# Need 3rd enclosure & who should go where



## Predatorhousepet (Jan 8, 2018)

(I've been lurking for a while but this is my first actual post, so I just want to say hi to everyone.)

Anyway, I have 2 well-established planted Exo Terra nano terrariums with isopods living in the substrate, one 8x8x12 and the other 8x8x8 that I had intended to eventually house a Hierodula membranacea and a Ghost Mantis once they grew large enough to leave their deli cups. However, I spontaneously bought another Ghost Mantis nymph and an Orchid Mantis nymph so now I'm going to need another enclosure eventually. (Right now all 4 are around L2/L3 size so I want to wait for at least another molt or two before they go in their final enclosures.)

I want to put the two Ghosts together in one terrarium, and of course the Orchid &amp; Hierodula will go in separate terrariums. I want to get another Exo Terra to match the other two I already have but I am unsure which size would be best, I was considering getting another 8x8x12 or a 12x12x18 for the Hierodula. I'm thinking the larger 12x12x18 size would be better when it is full grown but is it going to be too big for an L3/L4? I know Hierodulas are fairly agressive and will chase down prey so maybe it will do ok in the larger terrarium, idk. If I go with the 8x8x12 instead is that going to be ok for it as an adult? I've read they grow up to 4" and that seems like the bare minimum size it would need. HOWEVER, this is going to be a planted terrarium so the substrate takes a couple inches off of the available height, giving it more like 9.5" to 10" of airspace. Because of this I am fairly convinced the 12x12x18 is the better choice but let me know what you think.

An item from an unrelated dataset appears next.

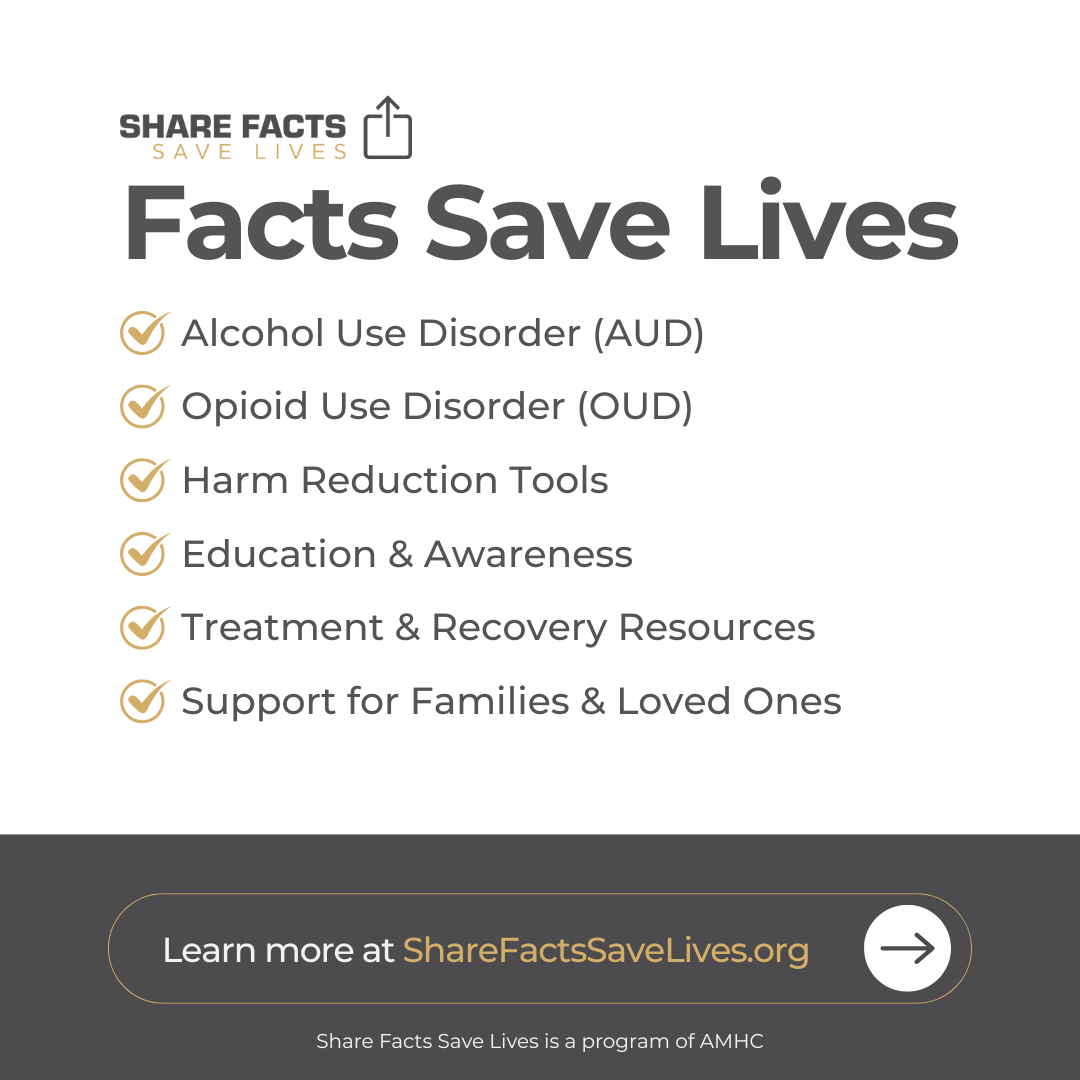 Support the Share Facts Save Lives campaign with shareable content. These materials can be used to educate and create a path towards recovery.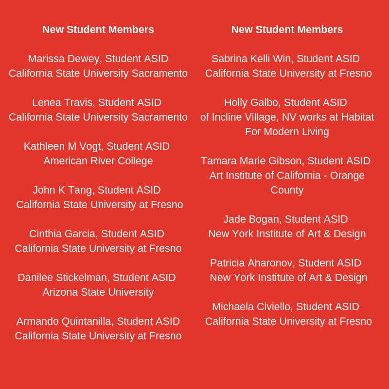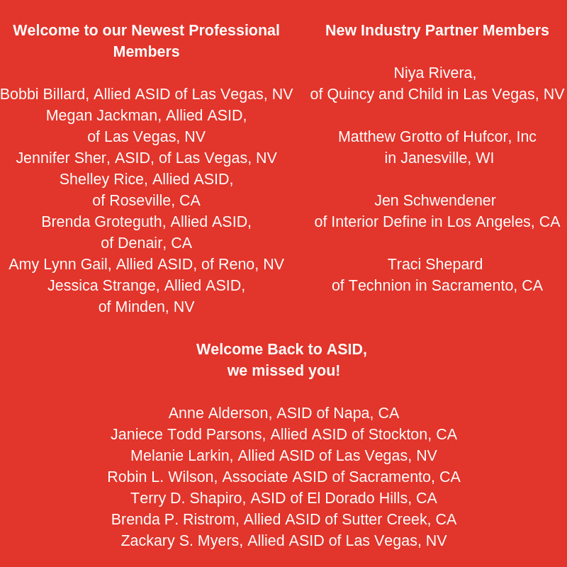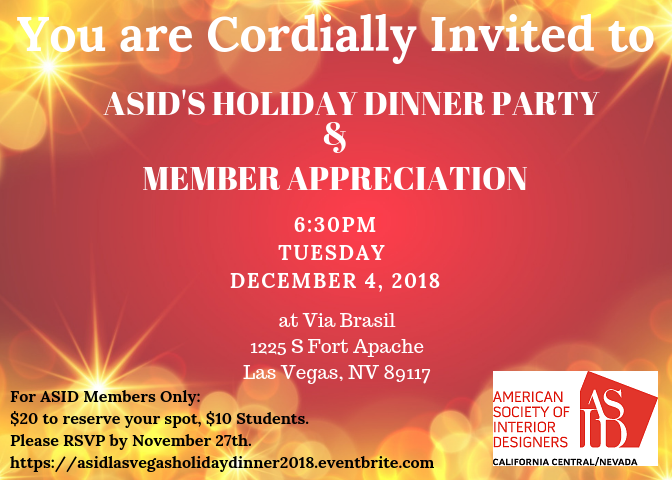 I am the Emerging Professional Chair for our ASID Chapter Board, and recently graduated from UNLV with a degree in Interior Architecture and Design. I am excited about joining the Interior Design field, while focusing on hospitality.

I had originally planned to put one Ghost in the 8x8x8 terrarium (actual airspace is 6" to 6.5" in height because of the substrate) but now that I have 2 Ghosts and an Orchid where should I put them?  Should the 2 Ghosts still go in the 8x8x8 and the Orchid in the 8x8x12 or vice versa? I'd like to know your opinion on what would work best, thanks.


----------



## rantology (Jan 8, 2018)

the 8x8x12 would be kind of small for an adult Hierodula, especially if you're going to fully substrate/plant it. They are perfect for ghosts and orchids. You won't regret the 12x12x18 as you have a lot more space to work with and can put cool plants in them... they're much better for Hierodula and have plenty of room for it- I housed my ~L3-L5 H.Membranacea in one and she had no problem hunting down flies. Just keep adequate amounts of prey with them and they should do just fine.

I would definitely put the 2 ghosts in the bigger 8x8x12 and the orchid in the 8x8x8


----------



## Predatorhousepet (Jan 8, 2018)

Thank you, that was what I was leaning towards doing but I guess I just needed a second opinion for confidence. Will the Orchid be okay in the 8x8x8 for its entire life or will I eventually have to move it into a 8x8x12 when it's a full grown adult? I don't know if its male or female yet, I bought it as an unsexed L2...I do realize the sex may make a difference in the answer as male adults are typically much smaller than females.


----------



## rantology (Jan 8, 2018)

Predatorhousepet said:


> Thank you, that was what I was leaning towards doing but I guess I just needed a second opinion for confidence. Will the Orchid be okay in the 8x8x8 for its entire life or will I eventually have to move it into a 8x8x12 when it's a full grown adult? I don't know if its male or female yet, I bought it as an unsexed L2...I do realize the sex may make a difference in the answer as male adults are typically much smaller than females.


Should be fine for it's whole life, try to be minimal with the substrate/decoration in it though to keep a nice open space for it to molt.


----------